* Task statement:
Write each line of the material exactly as given, from the top through the line that contains "While not completely", and omit all pictures.

* Information provided:
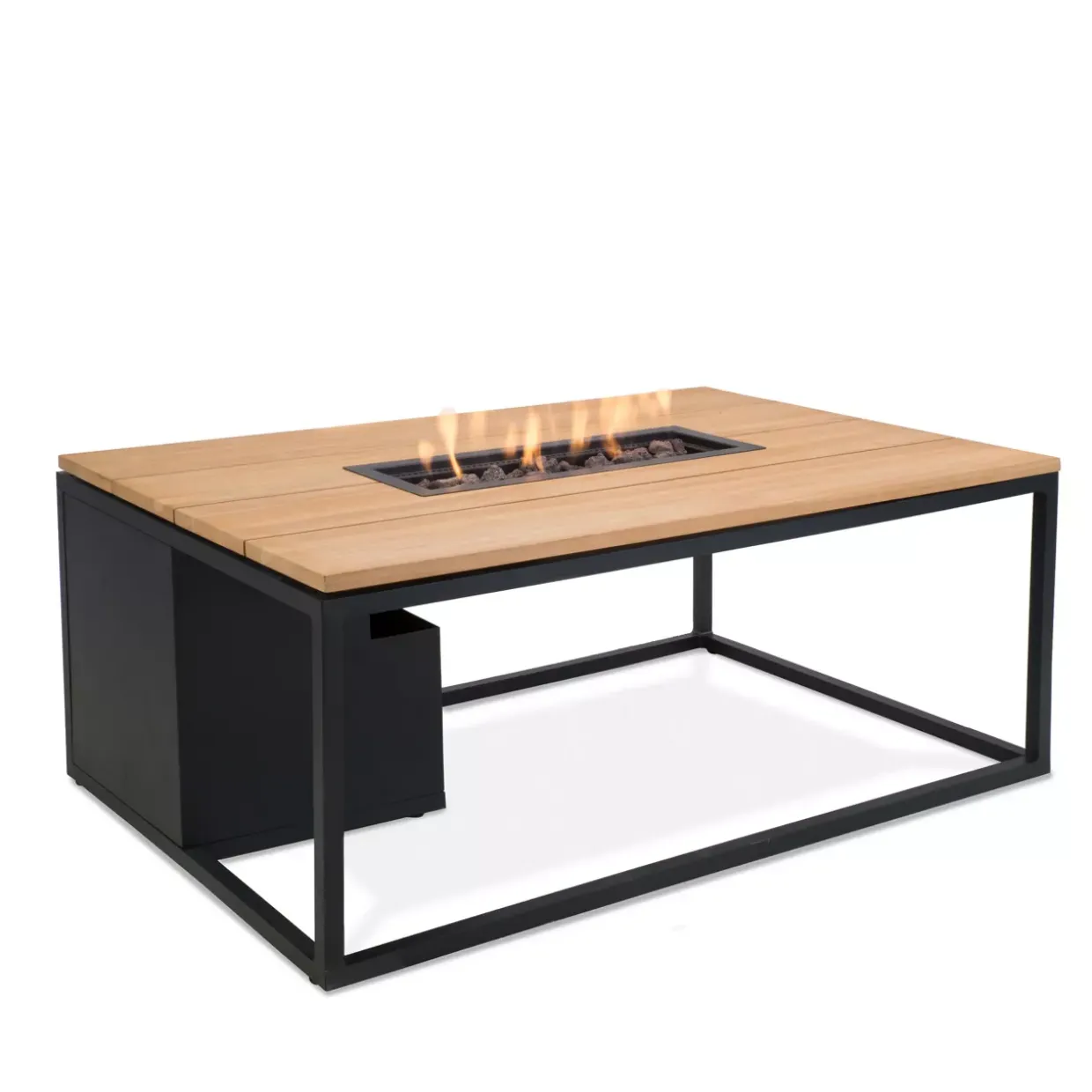 Die moderne Eleganz der Cosiloft-Serie verleiht jedem Außenbereich eine stilvolle Note. Mit einem schwarzen Aluminiumrahmen und einer Tischplatte aus edlem Teakholz fügt sich diese Feuerstelle harmonisch in jede Umgebung ein. Als perfekte Ergänzung für den Sommer gestaltet, bietet sie nicht nur optische Highlights, sondern auch funktionale Vorzüge.
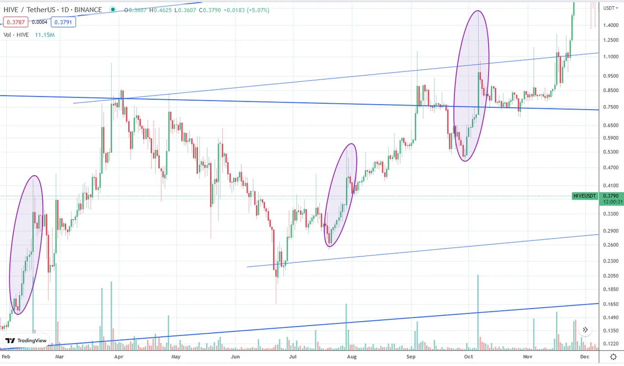 While not completely confirmed until we make a higher low after a bigger correction it seems that this is at the very least a relief rally. Hive has been going up lately with one green candle after another. Just last week I was predicting a possible pump to about 60 cents and so far we got one going up to 46. But the interesting part is that price is not falling (yet) and keeps on continuing making green candles.
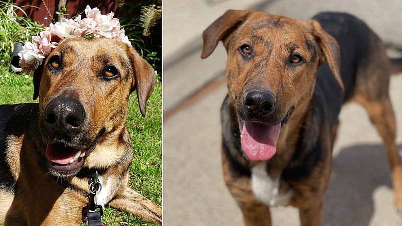 She is fearful at first when meeting new people and other pets, but once she knows you she is the most loving and affectionate companion. She loves treats and playing ball. Juniper is about 2½ years old. She is listed as a Plott Hound, but I believe she more resembles a Polish Hound.
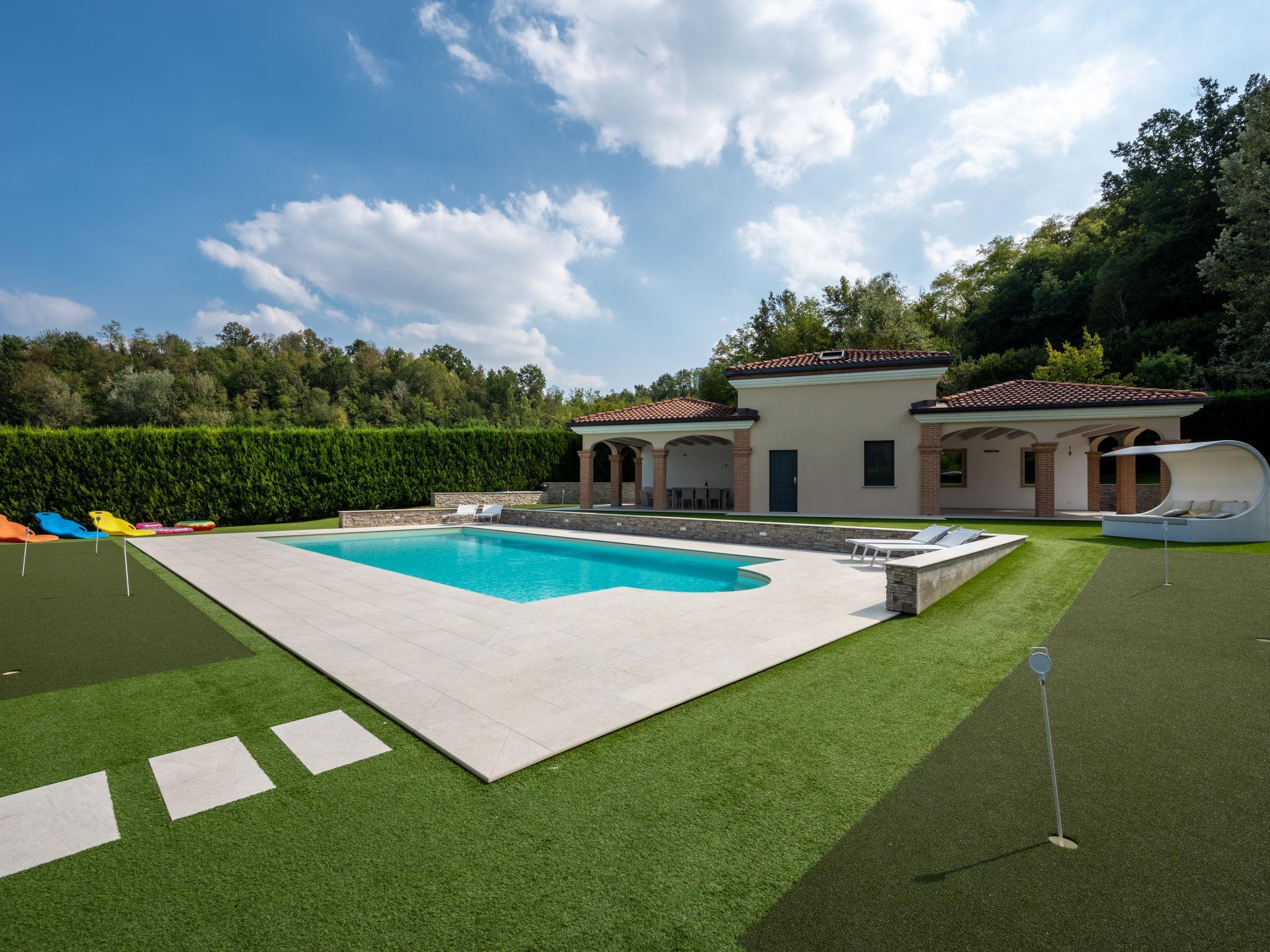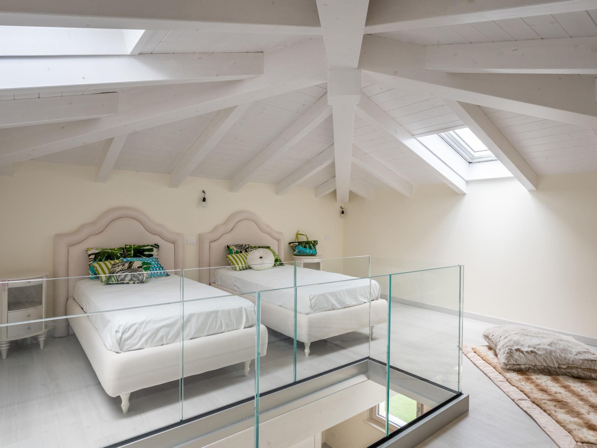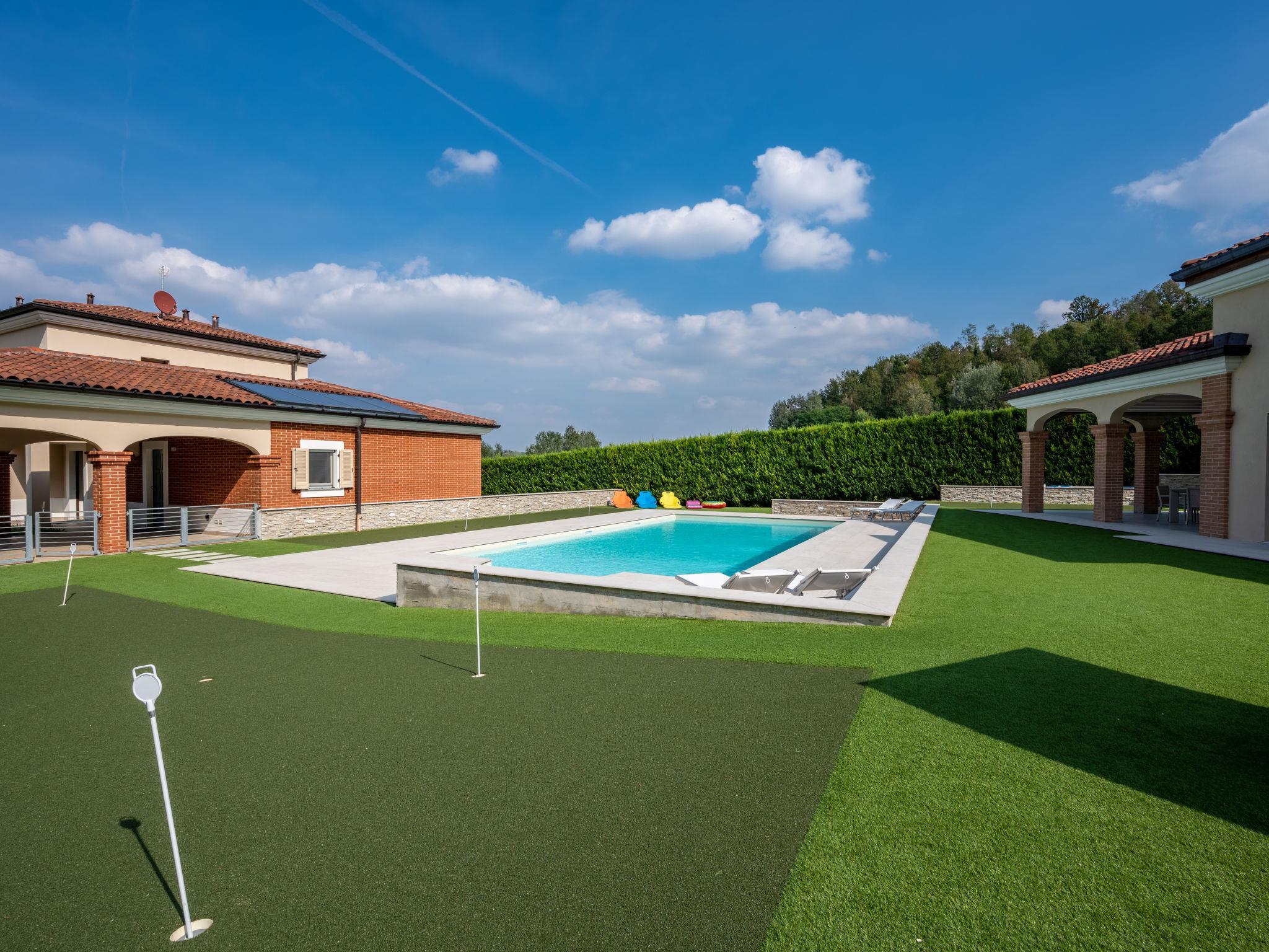 7-Zimmer-Haus 250 m2 auf 2 Stockwerken. Hell, modern und geschmackvoll eingerichtet: Wohn-/Esszimmer mit Esstisch und TV. Ausgang zur Terrasse. 1 Doppelzimmer mit Bad/Bidet/WC und Doppelwaschbecken. Ausgang zum Garten. Wohnzimmer. Ausgang zur Terrasse. Offene Küche (Backofen, Geschirrspüler, 5 Induktionskochplatten, Toaster, Wasserkocher, Tiefkühler, elektrische Kaffeemaschine). Ausgang zur Terrasse. 2 Duschen/Bidet/WC, Doppelwaschbecken. Unteres Geschoss: 1 Zimmer, ohne Fenster mit 1 franz. Bett (160 cm). 1 Zimmer mit 1 x 2 Etagenbetten, 1 Ausziehbett (1 Pers.). Dusche/Bidet/WC, Doppelwaschbecken. Obergeschoss: 1 Zimmer mit begehbarem Kleiderschrank mit 1 franz. Bett (160 cm), Dusche/Bidet/WC. (geländerlose Treppe) 1 offenes Zimmer mit 2 Betten (100 cm, Länge 200 cm), Klimaanlage. Keine Heizmöglichkeit. Parkettboden. Terrasse 30 m2, überdacht Terrasse 50 m2, überdacht. Terrassenmöbel, Gartengrill, Liegestühle. Zur Verfügung: Waschmaschine, Babybett. Internet (WLAN, gratis). Bitte beachten: Nichtraucher-Haus. Keine interne Verbindung zwischen den separaten Wohneinheiten. Kleiner Golfübungsplatz (Driving Range) auf dem privaten Grundstück. IT005106C2YJ9AVVDP

* Answer to this problem:
 Die moderne Eleganz der Cosiloft-Serie verleiht jedem Außenbereich eine stilvolle Note. Mit einem schwarzen Aluminiumrahmen und einer Tischplatte aus edlem Teakholz fügt sich diese Feuerstelle harmonisch in jede Umgebung ein. Als perfekte Ergänzung für den Sommer gestaltet, bietet sie nicht nur optische Highlights, sondern auch funktionale Vorzüge.
 While not completely confirmed until we make a higher low after a bigger correction it seems that this is at the very least a relief rally. Hive has been going up lately with one green candle after another. Just last week I was predicting a possible pump to about 60 cents and so far we got one going up to 46. But the interesting part is that price is not falling (yet) and keeps on continuing making green candles.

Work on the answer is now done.